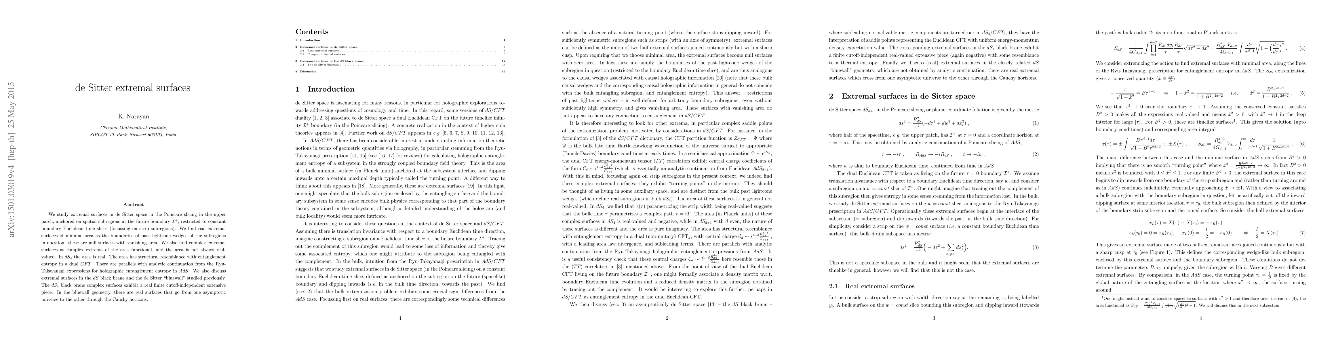 This paper investigates extremal surfaces in de Sitter space, finding minimal real area null surfaces anchored on subregions at the future boundary, and complex surfaces with non-real areas. It draws parallels to entanglement entropy in dual CFT and discusses implications for the de Sitter black brane and "bluewall" geometries.
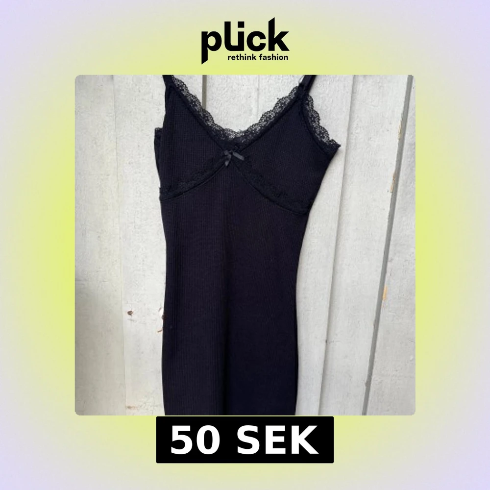 Supersöt svart kortklänning från H&M Divided i ribbad bomull med spetsdetaljer vid halsringningen och en liten rosett framtill. Axelbandslös design som ger en snygg och enkel look, perfekt för dig som gillar stilrena vibes.
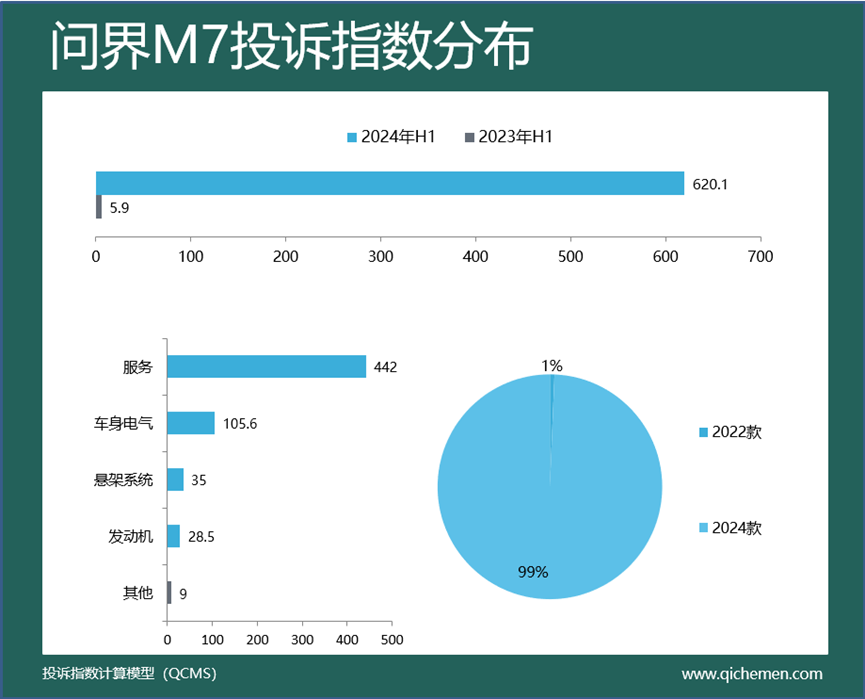 Automotive Quality Complaint Review: The popular Wenjie M7 received a complaint index of 620.1 in the first half of the year, surging by 10410.17% year-on-year, ranking second. Some owners reported to AutoHome that the manufacturer introduced upgraded models shortly after they purchased the Wenjie M7, believing that this behavior of "stabbing old owners in the back" infringed upon their right to know and caused economic losses. Additionally, owners reported that the Wenjie M7 produced "thumping" noises from the trunk during low-speed driving, significantly affecting ride comfort.
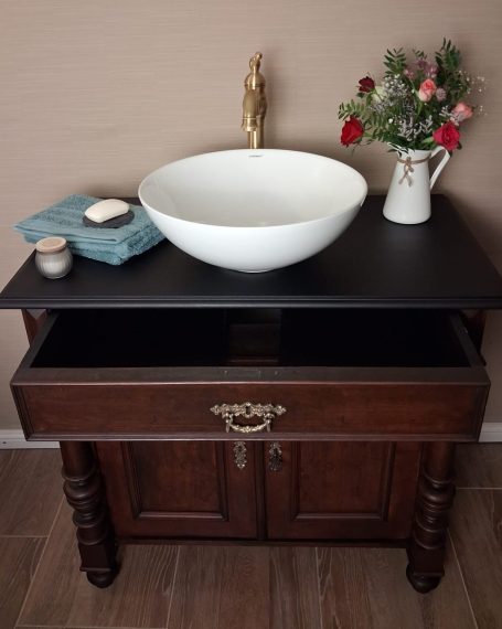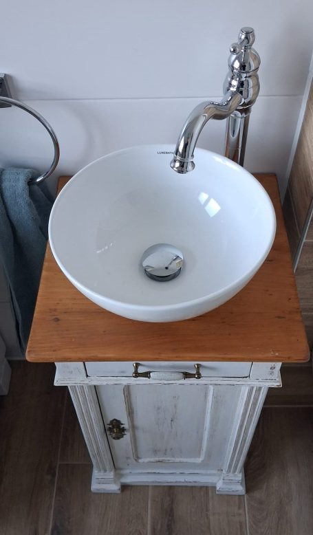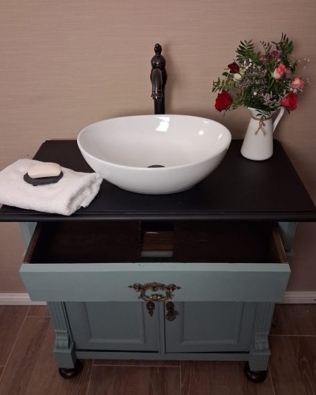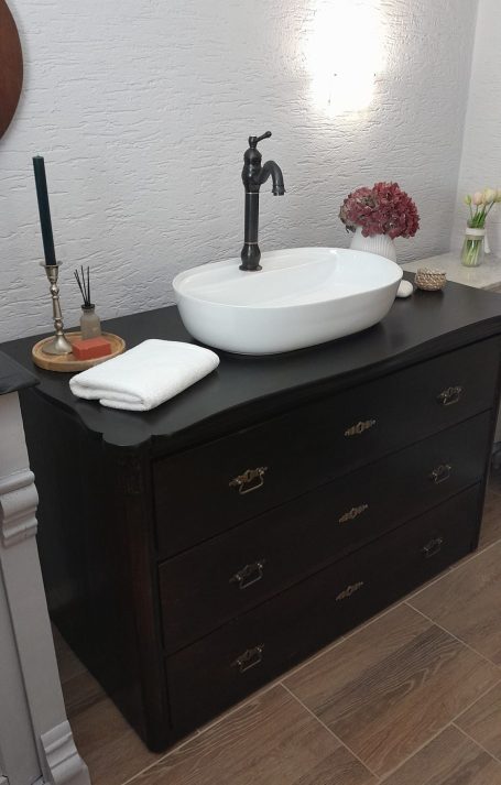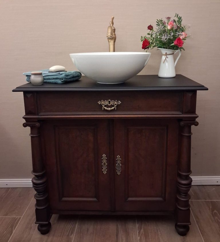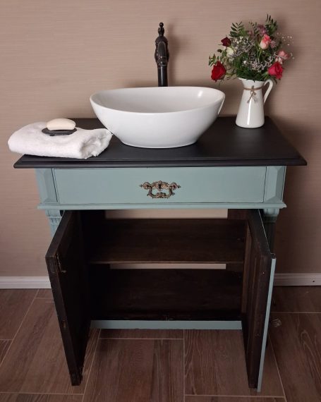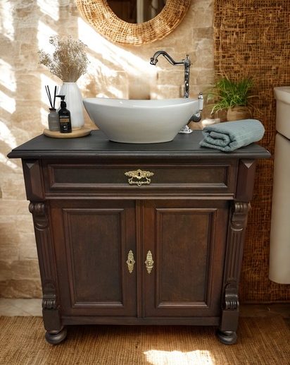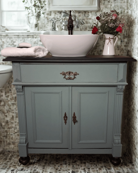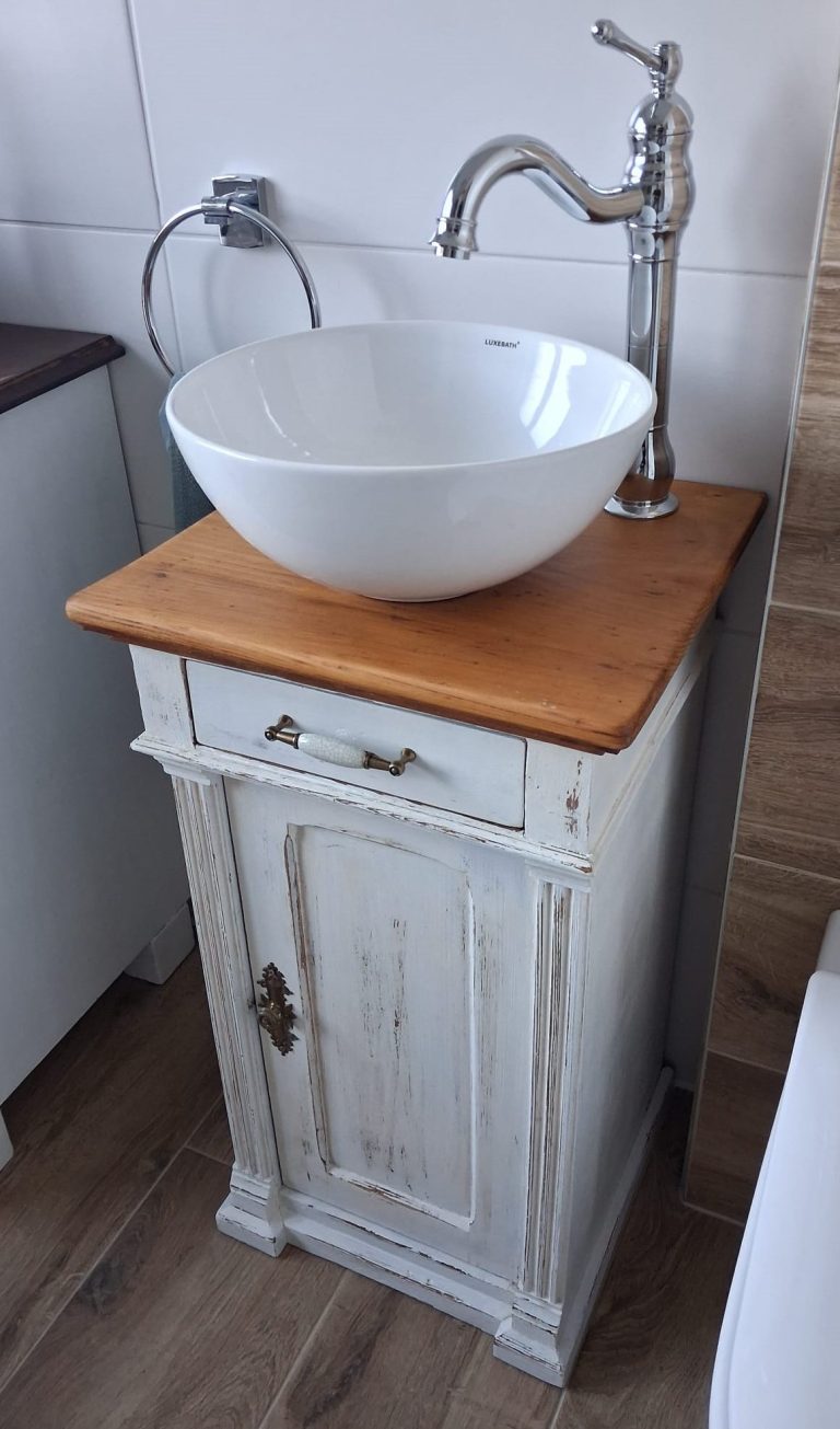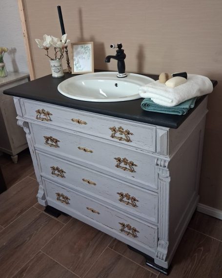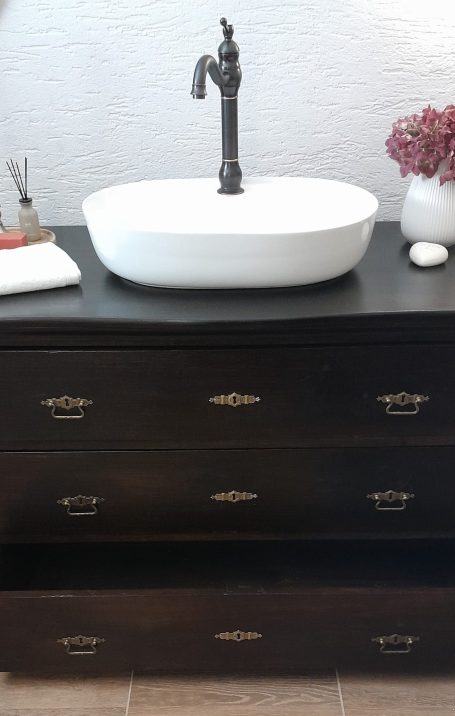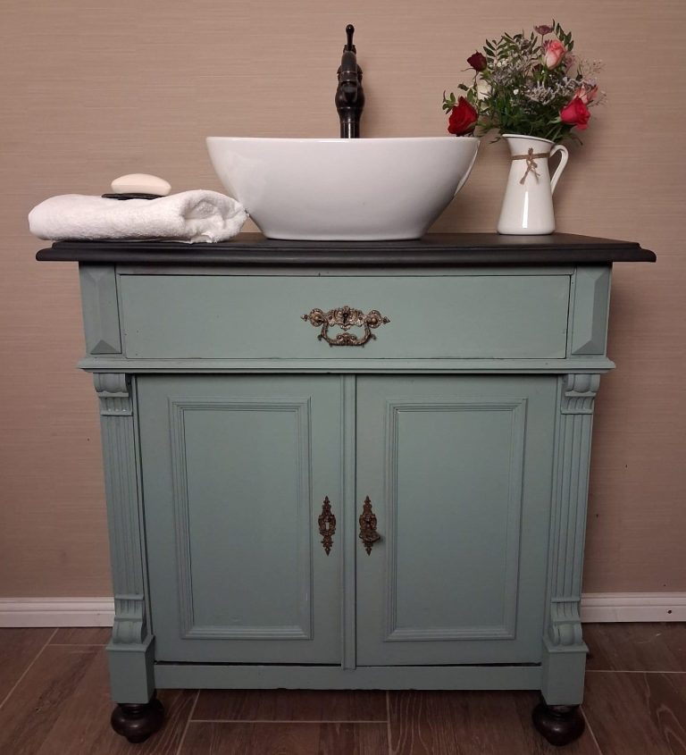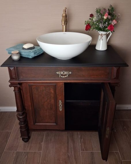 Wer ein besonders nostalgisches Möbelstück als Waschtisch für sein Badezimmer sucht, hat hiermit eine Interessante Alternative gefunden.
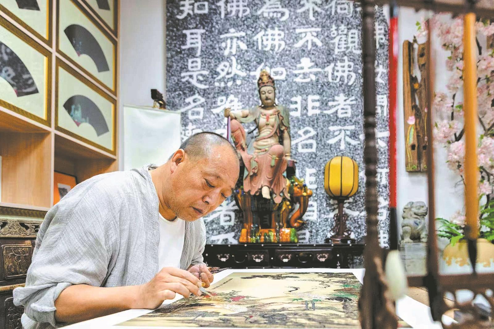 12月23日,记者在南毛的画室里欣赏了数百幅他的画作,从中国复古风到时尚潮流,应有尽有。他告诉记者,该公司的作品目前分布在全国90%以上的软毛漆市场,为超过40万个家庭创造了独特的生活记忆。他的人生轨迹表明,最传统的技能隐藏着最新的商机。
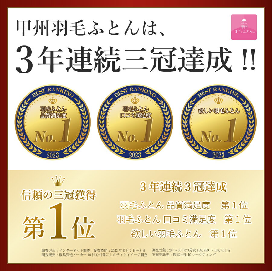 甲州羽毛ふとんは、三冠達成!!(※日本トレンドリサーチ調べ) ・羽毛ふとん品質満足度No.1 ・羽毛ふとん口コミ満足度No.1 ・欲しい羽毛ふとんNo.1 世界遺産「富士山」の麓で作られた高級羽毛合い掛け掛けふとんです。 側生地は軽量なポリエステル交織の高密度生地を使用。防ダニ材を使わずダニの侵入をブロックします。 中身の羽毛は世界の名産地より選び抜いた良質なホワイトダックダウ・・・
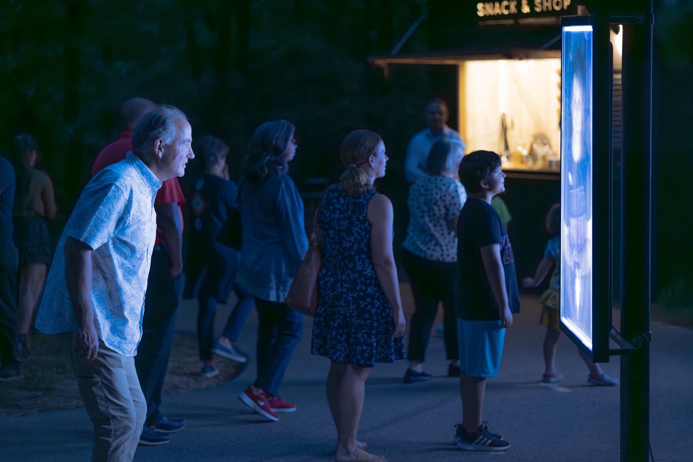 Become a giant of light towering over the trees. Plant a heartbeat in a field of 3,000 lightbulbs. Wade through a moving river of poetry, and more as you venture through this outdoor, nighttime experience.
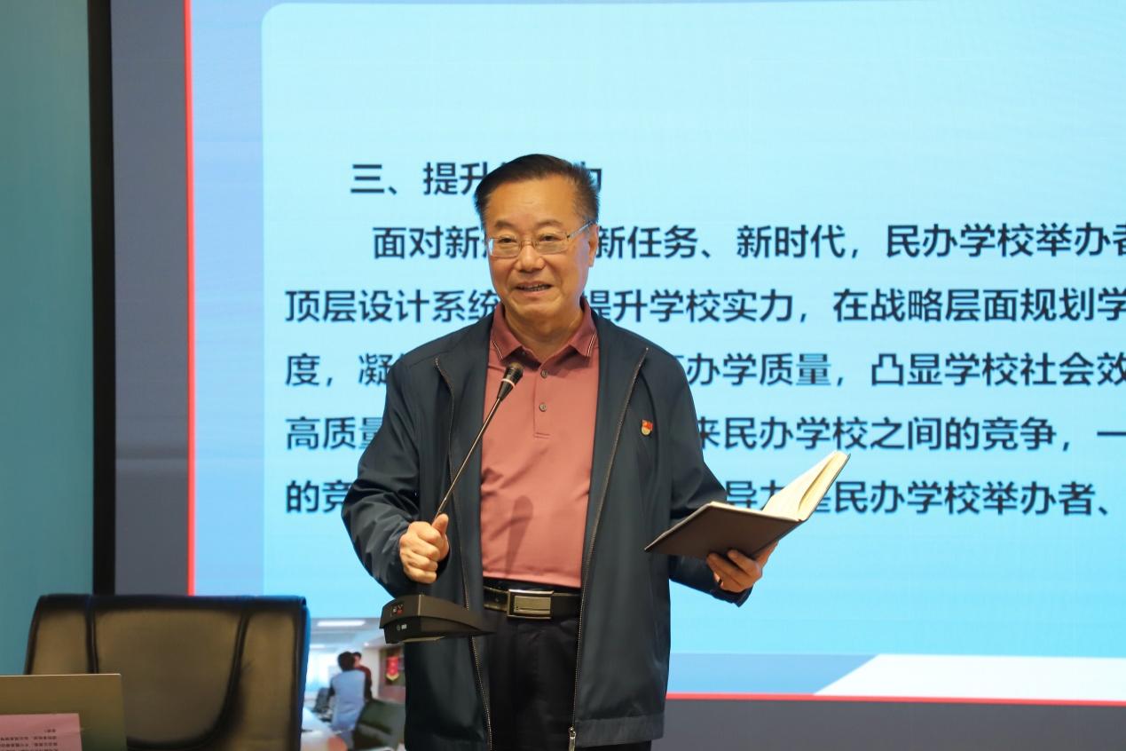 趙教授強(qiáng)調(diào),新法新政出臺(tái),我們要順應(yīng)新潮流、擁抱新時(shí)代、開創(chuàng)新局面,準(zhǔn)確把握《實(shí)施條例》的政策法律導(dǎo)向,全面加強(qiáng)黨對(duì)民辦學(xué)校的領(lǐng)導(dǎo),堅(jiān)持民辦教育的公益性,鼓勵(lì)和支持非營(yíng)利辦學(xué),轉(zhuǎn)變觀念,提高認(rèn)識(shí),提高政治站位,要提升戰(zhàn)略判斷力和領(lǐng)導(dǎo)力,提高法制意識(shí),適應(yīng)新時(shí)代的發(fā)展,著力加強(qiáng)學(xué)校內(nèi)涵建設(shè),打造特色,大力促進(jìn)我省民辦教育事業(yè)健康高質(zhì)量發(fā)展。殷切希望教師們深刻認(rèn)識(shí)到職業(yè)教育的意義,要有培養(yǎng)學(xué)生 “德、智、體、美、勞”全面發(fā)展的教育情懷,為社會(huì)發(fā)展培養(yǎng)提供堅(jiān)實(shí)的人才支撐。
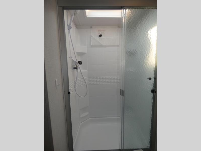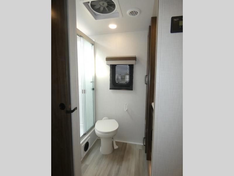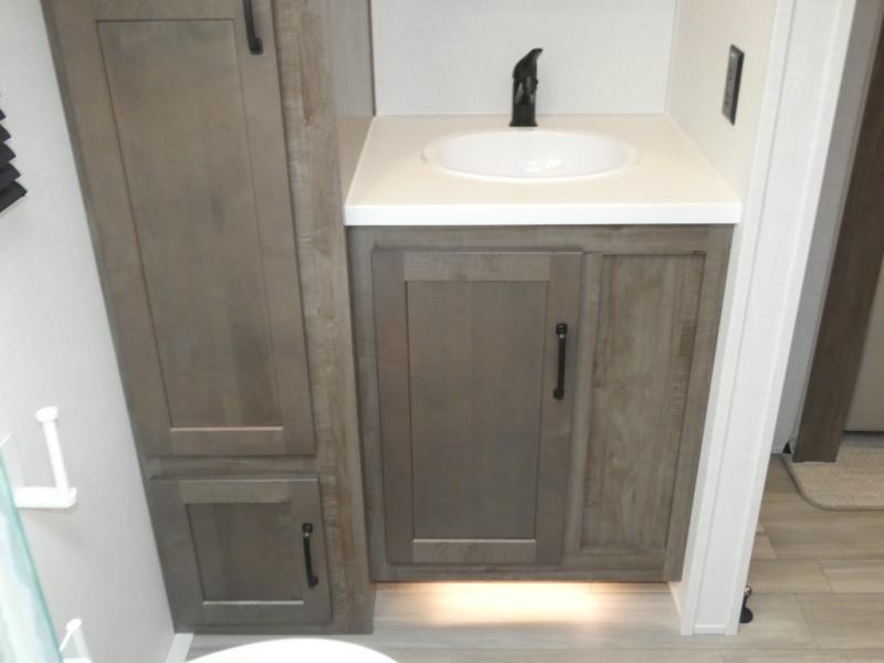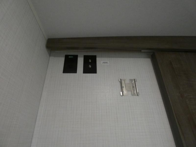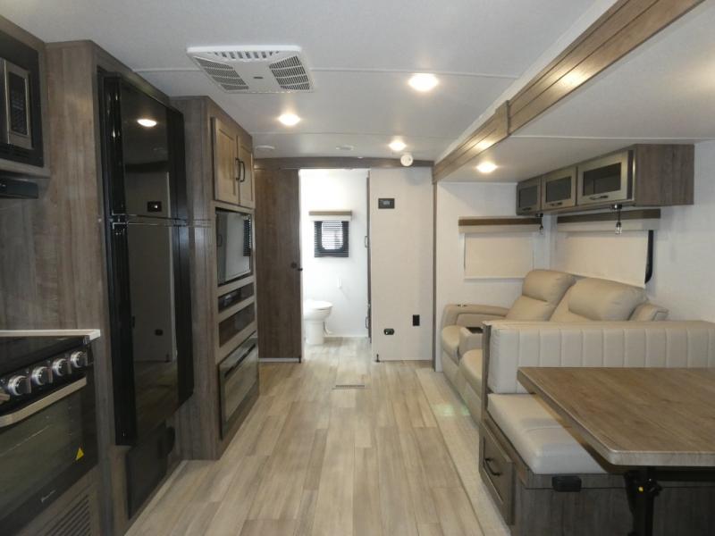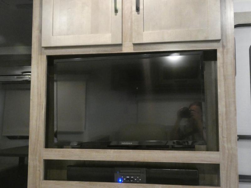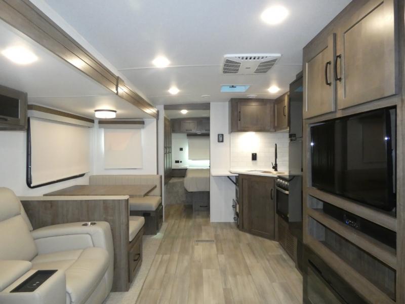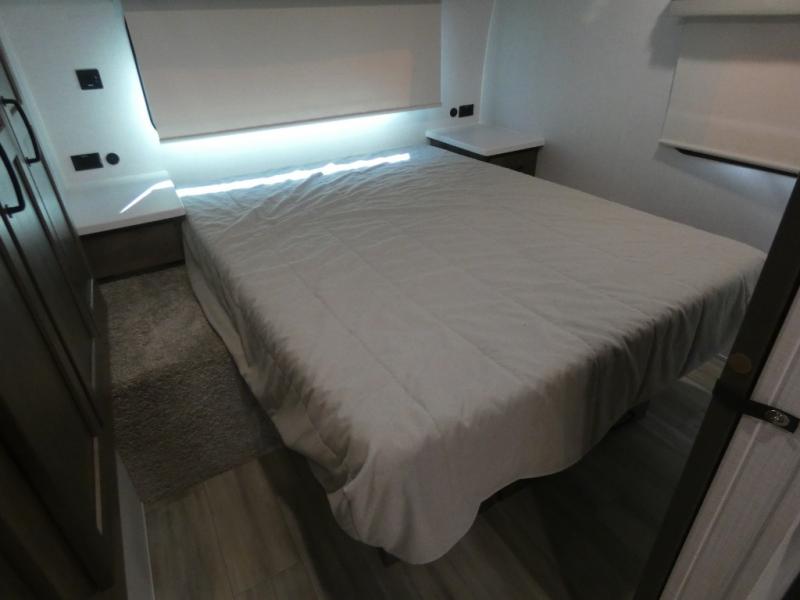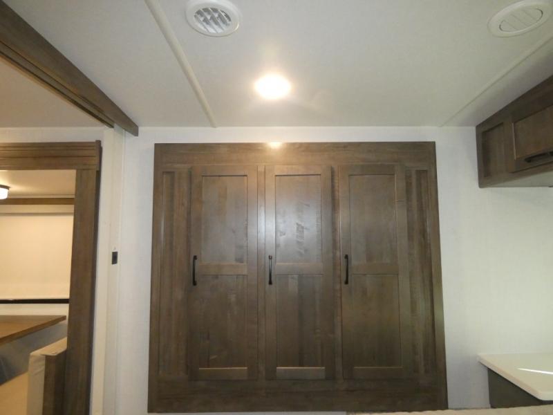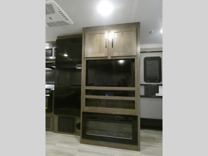 This trailer is the perfect couple's retreat with its private bedroom up front which includes a queen bed, a slide out wardrobe and a TV option. The spacious rear full bathroom provides a shower and linen storage, and a space savings sliding door. The cook will have full amenities with ample counter space, a walk-in pantry for food storage, and a three burner range to cook meals on. If the weather is nice outside, you can make dinner on the exterior griddle, and there is a 21' power awning with LED lights to relax under. Or you can stay inside to enjoy the fireplace and Smart TV! You will also appreciate the pass thru storage with a steel sliding tray to easily access gear!

--- What you should do ---
Each line from the first line of the data above through the one containing "Wer ein besonders" must be set down exactly; the pictures must not be.

--- Answer below ---
 This paper investigates extremal surfaces in de Sitter space, finding minimal real area null surfaces anchored on subregions at the future boundary, and complex surfaces with non-real areas. It draws parallels to entanglement entropy in dual CFT and discusses implications for the de Sitter black brane and "bluewall" geometries.
 Supersöt svart kortklänning från H&M Divided i ribbad bomull med spetsdetaljer vid halsringningen och en liten rosett framtill. Axelbandslös design som ger en snygg och enkel look, perfekt för dig som gillar stilrena vibes.
 Automotive Quality Complaint Review: The popular Wenjie M7 received a complaint index of 620.1 in the first half of the year, surging by 10410.17% year-on-year, ranking second. Some owners reported to AutoHome that the manufacturer introduced upgraded models shortly after they purchased the Wenjie M7, believing that this behavior of "stabbing old owners in the back" infringed upon their right to know and caused economic losses. Additionally, owners reported that the Wenjie M7 produced "thumping" noises from the trunk during low-speed driving, significantly affecting ride comfort.
 Wer ein besonders nostalgisches Möbelstück als Waschtisch für sein Badezimmer sucht, hat hiermit eine Interessante Alternative gefunden.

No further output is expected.